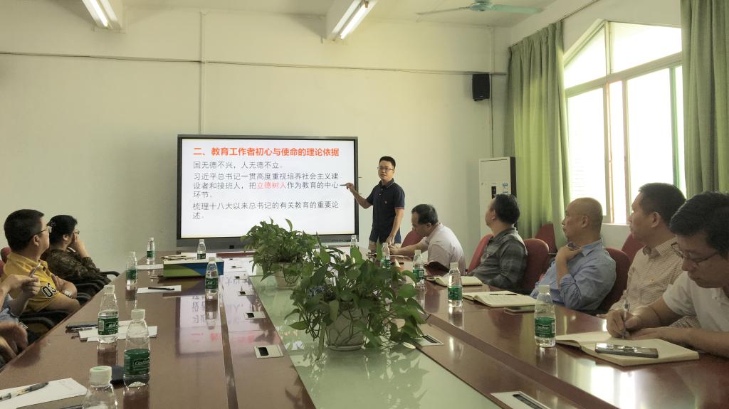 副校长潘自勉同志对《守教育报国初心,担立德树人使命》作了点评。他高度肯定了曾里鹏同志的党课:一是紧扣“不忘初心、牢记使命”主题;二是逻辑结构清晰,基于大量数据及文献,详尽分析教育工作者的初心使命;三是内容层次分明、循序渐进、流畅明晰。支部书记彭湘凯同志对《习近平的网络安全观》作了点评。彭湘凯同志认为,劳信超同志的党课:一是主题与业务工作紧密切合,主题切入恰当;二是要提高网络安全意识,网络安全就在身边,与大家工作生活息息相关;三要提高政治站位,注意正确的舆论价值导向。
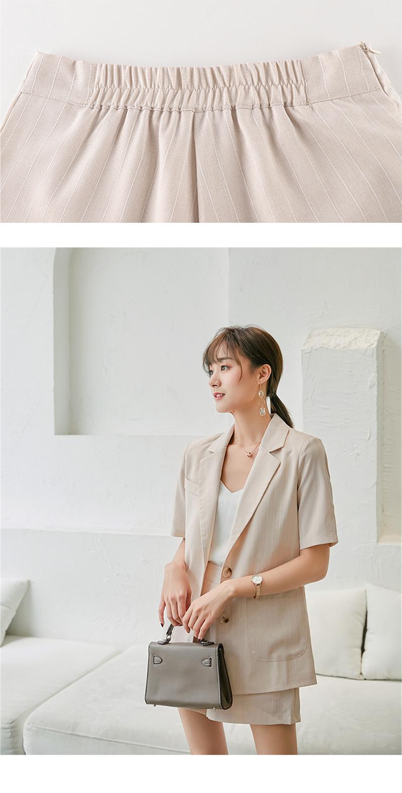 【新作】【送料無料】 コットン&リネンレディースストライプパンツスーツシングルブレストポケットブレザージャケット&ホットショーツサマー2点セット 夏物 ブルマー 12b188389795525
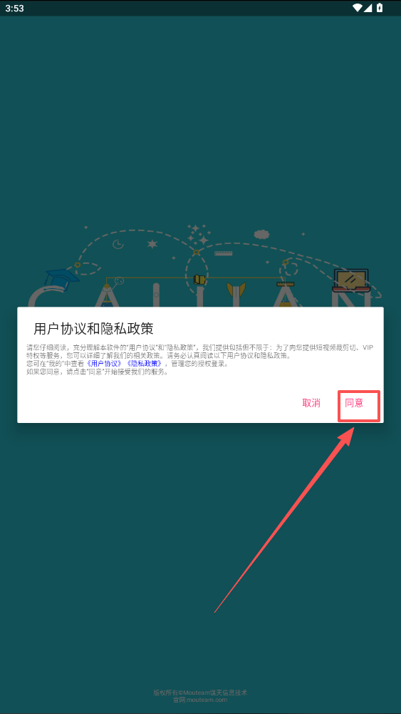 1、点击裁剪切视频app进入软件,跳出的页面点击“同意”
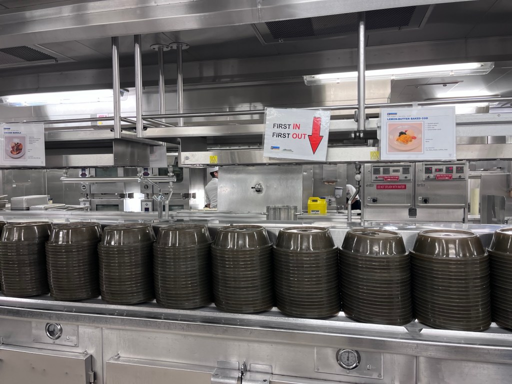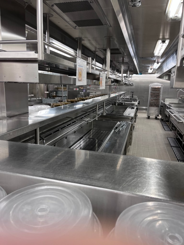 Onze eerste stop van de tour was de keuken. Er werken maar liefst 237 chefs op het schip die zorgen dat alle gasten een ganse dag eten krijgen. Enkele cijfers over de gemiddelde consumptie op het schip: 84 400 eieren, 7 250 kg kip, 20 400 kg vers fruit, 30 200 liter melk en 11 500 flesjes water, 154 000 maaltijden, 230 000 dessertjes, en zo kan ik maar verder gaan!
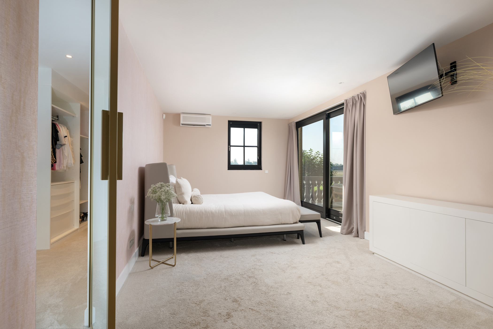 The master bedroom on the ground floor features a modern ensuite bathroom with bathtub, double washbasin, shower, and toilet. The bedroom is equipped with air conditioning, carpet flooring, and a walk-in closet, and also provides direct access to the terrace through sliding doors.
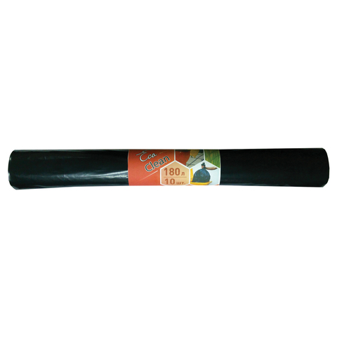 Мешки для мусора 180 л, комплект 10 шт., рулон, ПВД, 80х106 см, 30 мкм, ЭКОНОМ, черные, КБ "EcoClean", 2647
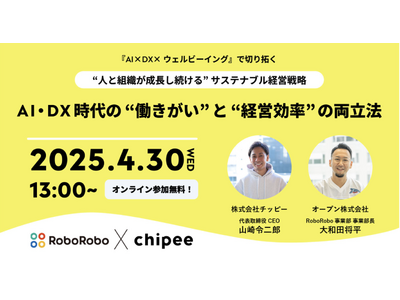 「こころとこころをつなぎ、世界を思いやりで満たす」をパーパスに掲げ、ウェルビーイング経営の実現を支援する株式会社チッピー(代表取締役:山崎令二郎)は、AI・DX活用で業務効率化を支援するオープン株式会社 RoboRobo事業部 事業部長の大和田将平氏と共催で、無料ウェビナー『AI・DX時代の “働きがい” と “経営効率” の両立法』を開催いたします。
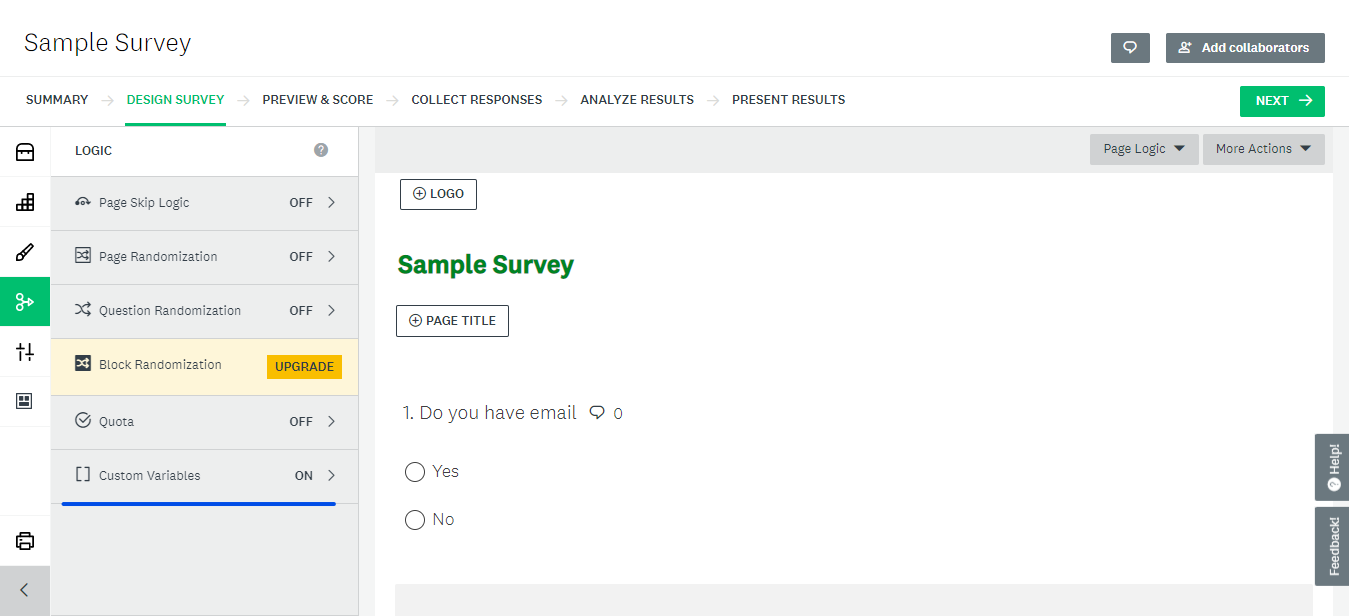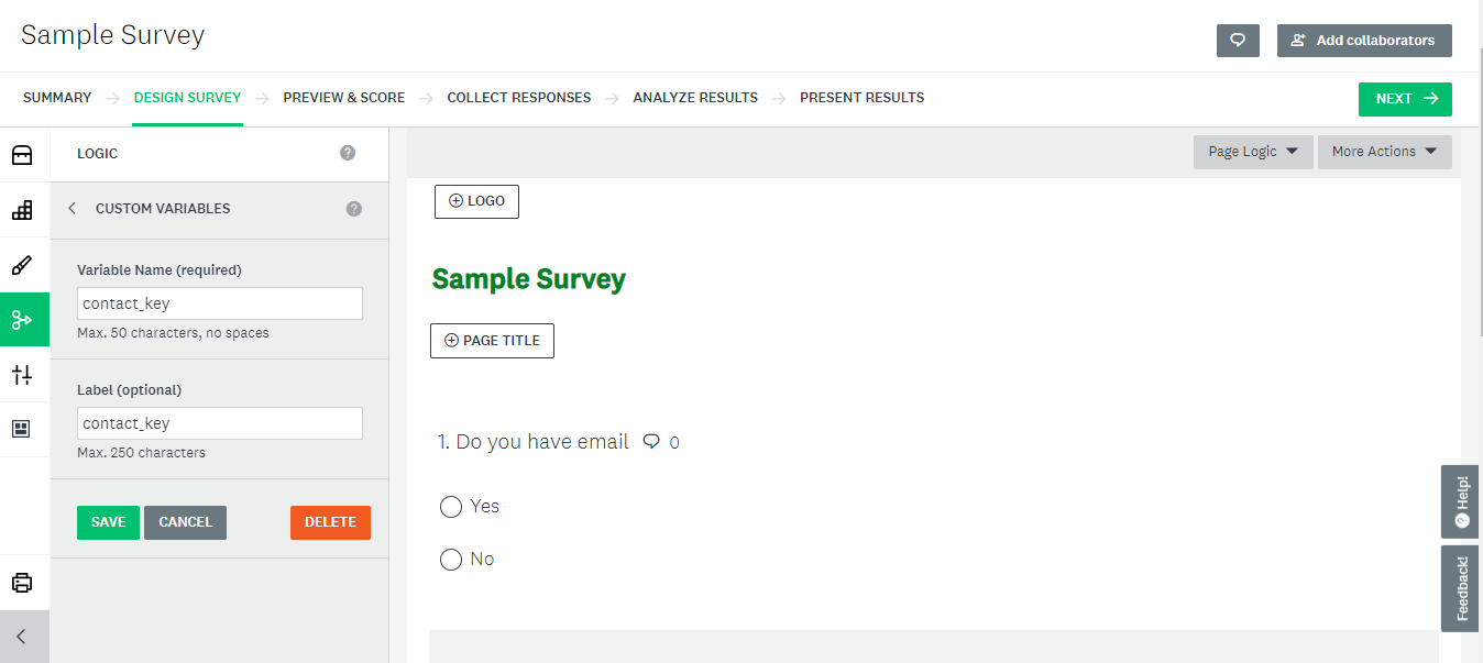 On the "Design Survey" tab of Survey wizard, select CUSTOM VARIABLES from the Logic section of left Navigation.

________________

EXERCISE REQUIREMENTS:
This calls for each record above to be set down exactly, with the images skipped.

ANSWER:
 副校长潘自勉同志对《守教育报国初心,担立德树人使命》作了点评。他高度肯定了曾里鹏同志的党课:一是紧扣“不忘初心、牢记使命”主题;二是逻辑结构清晰,基于大量数据及文献,详尽分析教育工作者的初心使命;三是内容层次分明、循序渐进、流畅明晰。支部书记彭湘凯同志对《习近平的网络安全观》作了点评。彭湘凯同志认为,劳信超同志的党课:一是主题与业务工作紧密切合,主题切入恰当;二是要提高网络安全意识,网络安全就在身边,与大家工作生活息息相关;三要提高政治站位,注意正确的舆论价值导向。
 【新作】【送料無料】 コットン&リネンレディースストライプパンツスーツシングルブレストポケットブレザージャケット&ホットショーツサマー2点セット 夏物 ブルマー 12b188389795525
 1、点击裁剪切视频app进入软件,跳出的页面点击“同意”
 Onze eerste stop van de tour was de keuken. Er werken maar liefst 237 chefs op het schip die zorgen dat alle gasten een ganse dag eten krijgen. Enkele cijfers over de gemiddelde consumptie op het schip: 84 400 eieren, 7 250 kg kip, 20 400 kg vers fruit, 30 200 liter melk en 11 500 flesjes water, 154 000 maaltijden, 230 000 dessertjes, en zo kan ik maar verder gaan!
 The master bedroom on the ground floor features a modern ensuite bathroom with bathtub, double washbasin, shower, and toilet. The bedroom is equipped with air conditioning, carpet flooring, and a walk-in closet, and also provides direct access to the terrace through sliding doors.
 Мешки для мусора 180 л, комплект 10 шт., рулон, ПВД, 80х106 см, 30 мкм, ЭКОНОМ, черные, КБ "EcoClean", 2647
 「こころとこころをつなぎ、世界を思いやりで満たす」をパーパスに掲げ、ウェルビーイング経営の実現を支援する株式会社チッピー(代表取締役:山崎令二郎)は、AI・DX活用で業務効率化を支援するオープン株式会社 RoboRobo事業部 事業部長の大和田将平氏と共催で、無料ウェビナー『AI・DX時代の “働きがい” と “経営効率” の両立法』を開催いたします。
 On the "Design Survey" tab of Survey wizard, select CUSTOM VARIABLES from the Logic section of left Navigation.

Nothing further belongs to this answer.